How to Grow Valerian and Centranthus UK

How to grow valerian in the UK. Tell red valerian (Centranthus) from medicinal Valeriana officinalis, with soil, hardiness and care by month.

Two plants share the valerian name in the UK. Red valerian (Centranthus ruber) reaches 60 to 90cm, self-seeds in dry walls, and is not true valerian. Common valerian (Valeriana officinalis) reaches 1.2 to 1.5m, prefers damp soil, and yields the sedative root. Both flower June to September and are hardy to minus 20C. Sow Centranthus in spring, lift Valeriana root in its second autumn.
Two speciesCentranthus vs Valeriana
Height range60cm to 1.5m
HardinessRHS H7, minus 20C
Self-seeding1,000+ seeds per plant

Key takeaways

  • Red valerian (Centranthus ruber) grows 60 to 90cm and is NOT true medicinal valerian
  • Common valerian (Valeriana officinalis) grows 1.2 to 1.5m and yields the sedative root
  • Both are hardy to minus 20C (RHS H7) and flower June to September
  • Centranthus wants dry, alkaline soil pH 6.5 to 8.5; Valeriana wants damp, neutral soil
  • One Centranthus plant sheds 1,000 plus seeds a year, so deadhead before August to control spread
  • Lift Valeriana root in the second autumn, dry it at 40C, expect 80 to 150g dried per plant
How to grow valerian in the UK: red valerian Centranthus ruber self-seeding in a Devon coastal stone wall

Learning how to grow valerian in the UK starts with one fact most guides skip. The valerian name covers two completely different plants. Red valerian (Centranthus ruber) is the one you see foaming pink and crimson from old walls and railway banks. True valerian (Valeriana officinalis) is the tall meadow herb whose root makes the sleep remedy. They are not the same plant, not even close relatives. This guide separates the two clearly, then gives you tested soil, sowing, care and harvest details for each. The figures below come from six seasons of growing both species in Staffordshire.

I run both in my test beds, one in a hot dry wall, one in a damp border. The contrast in their needs is sharp, and getting it wrong is the single most common mistake UK gardeners make.

Red valerian and true valerian are two different plants

The most important thing to understand first is that red valerian and medicinal valerian belong to different genera. They look superficially alike and share a name, but they grow differently and do different jobs.

Red valerian (Centranthus ruber) sits in the genus Centranthus. It is a Mediterranean plant naturalised across southern Britain since the 1600s. It carries clusters of small pink, crimson or white tubular flowers on stems 60 to 90cm tall. It thrives in dry, poor, alkaline ground and seeds freely into walls. It has no medicinal root.

Common valerian (Valeriana officinalis) sits in the genus Valeriana. It is a native UK wildflower of damp meadows and stream banks. It reaches 1.2 to 1.5m with flat heads of tiny white to pale pink flowers. Its dried root is the source of the herbal sedative used for sleep. This is the true valerian of herbalists.
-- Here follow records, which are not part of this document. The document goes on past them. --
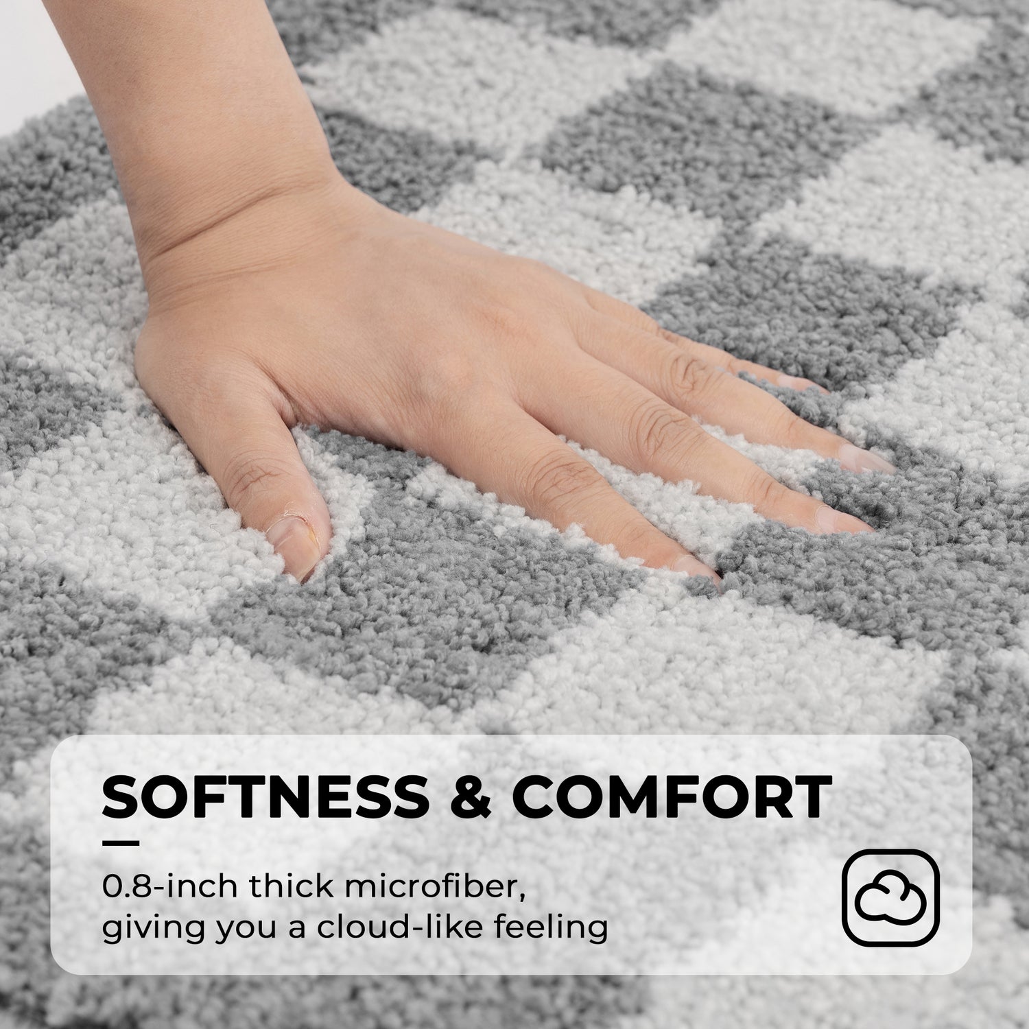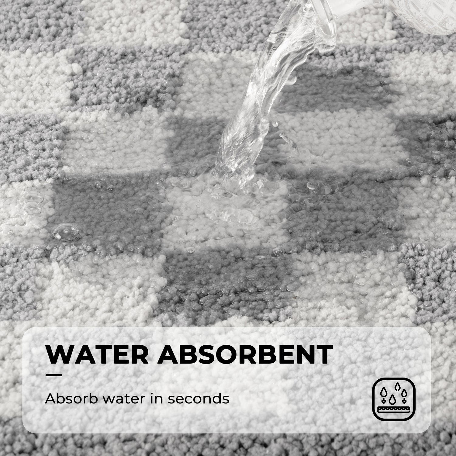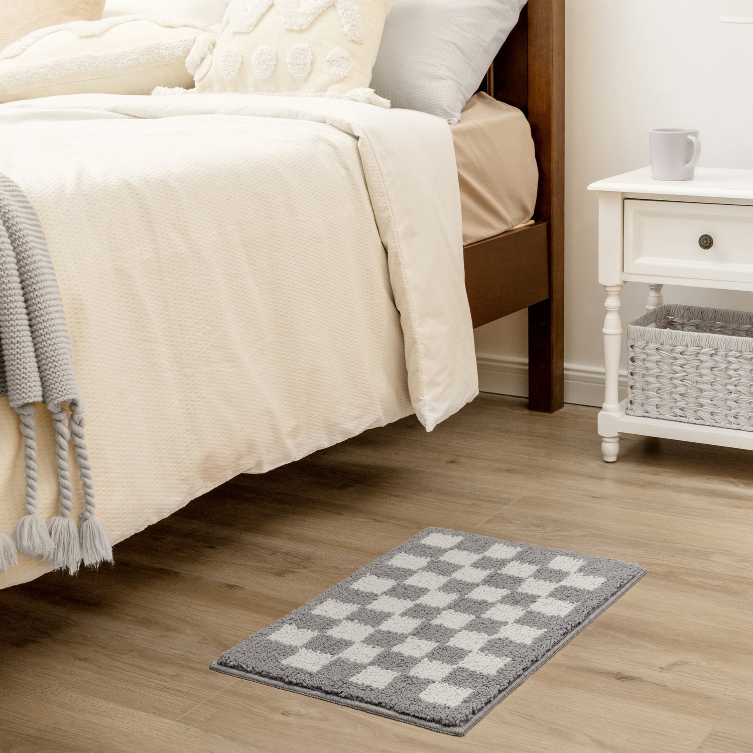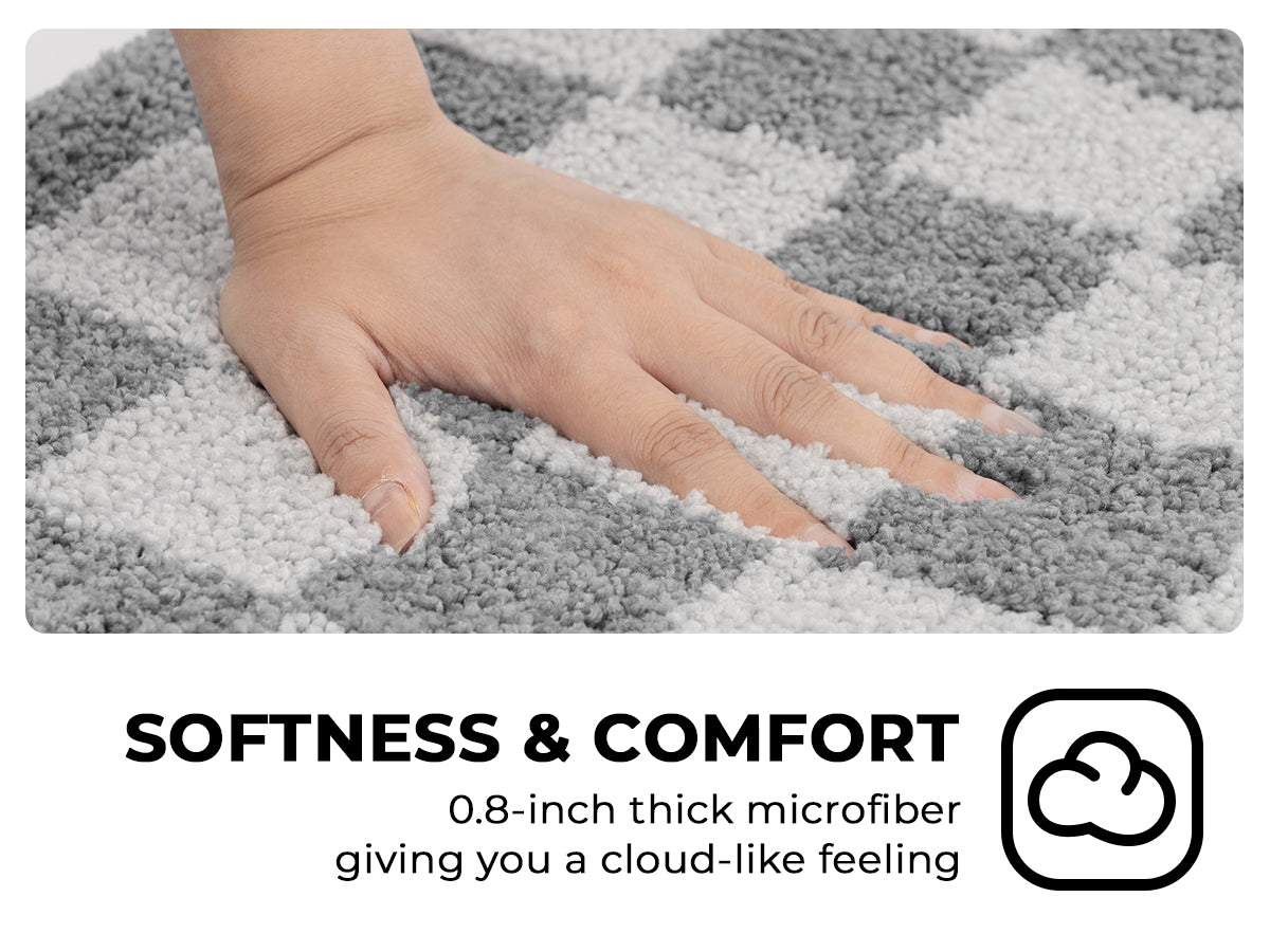 Add timeless style and cozy comfort to your space with this grey checkered bathroom rug. Its high-density microfiber is plush and ultra-soft, providing cloud-like comfort with every step. The thick fibers quickly absorb water, keeping your floor clean and dry.
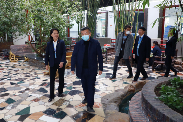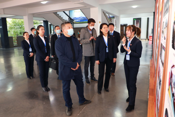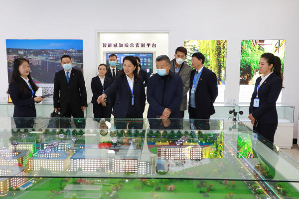 赵红石一行参观了学校独具特色的天井景观带、旅游文化学院VR虚拟实训室、人工智能实训室及学校办学成果展,系统了解了学校近年来各项事业发展情况和办学特色。
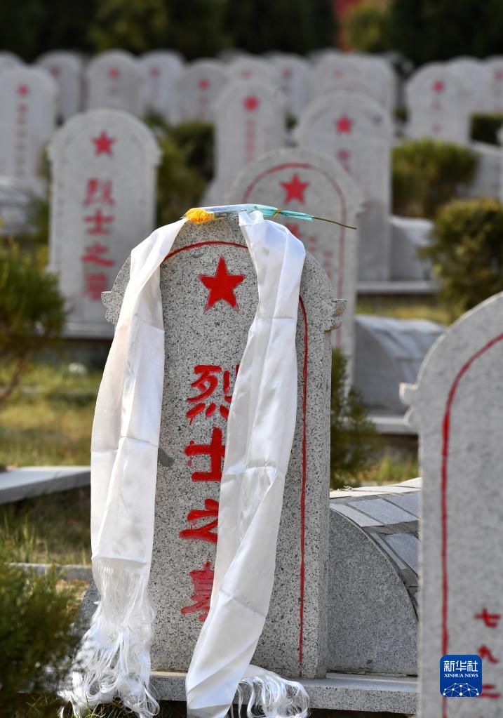 在西藏拉萨烈士陵园,一条洁白的哈达挂在烈士墓碑上(4月4日摄)。 新华社记者 觉果 摄
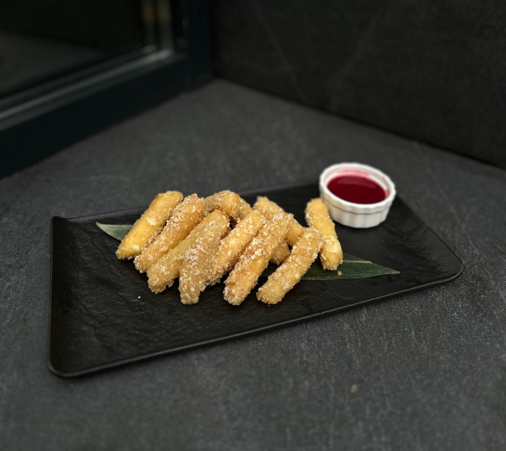 - ▶ Склад: сирні палички з моцарели, сухарі панко, соус із журавлини.

Both are perennials, both are hardy, and both flower in summer. After that the similarities stop. Confusing the two means planting the wrong species in the wrong place, or harvesting a root that does nothing.

Red valerian Centranthus ruber and tall Valeriana officinalis shown side by side for identification in a UK garden Left, red valerian seeding from a stone wall. Right, the much taller Valeriana officinalis. Same name, two different plants.

Centranthus versus Valeriana side by side

This table is the quickest way to tell the two apart and decide which you want. Match the plant to your conditions before you buy a single seed packet.

FeatureRed valerian (Centranthus ruber)Common valerian (Valeriana officinalis)
GenusCentranthusValeriana
Mature height60 to 90cm1.2 to 1.5m
Flower colourPink, crimson, or white clustersWhite to pale pink flat umbels
LeavesFleshy, grey-green, smoothDivided, fern-like, mid-green
SoilDry, poor, alkaline pH 6.5 to 8.5Damp, fertile, neutral pH 6.0 to 7.0
PositionFull sun, walls, gravelSun to part shade, borders, pond edge
HardinessRHS H7, minus 20CRHS H7, minus 20C
FloweringMay to OctoberJune to September
Sedative rootNoYes
Wildlife valueHawk-moths, bees, holly blueHoverflies, bees
Self-seedingAggressive into wallsModerate in damp ground

The clearest field test is the leaf. Centranthus has smooth, fleshy, blue-grey leaves like a succulent. Valeriana has divided, almost fern-like leaves. If you can see the foliage you never need to guess.

How to grow red valerian in walls and gravel

Red valerian is one of the easiest plants you can grow in poor ground. It actively prefers neglect. Rich, wet, fed soil makes it flop and rot.

Centranthus ruber wants full sun and sharp drainage. It seeds itself into the mortar of old walls, into gravel drives, and along railway cuttings. The deep taproot lets it survive long drought, which makes it valuable for hot, dry spots where little else flowers. Plants tolerate coastal salt spray, which is why it lines so many Devon and Cornwall harbour walls.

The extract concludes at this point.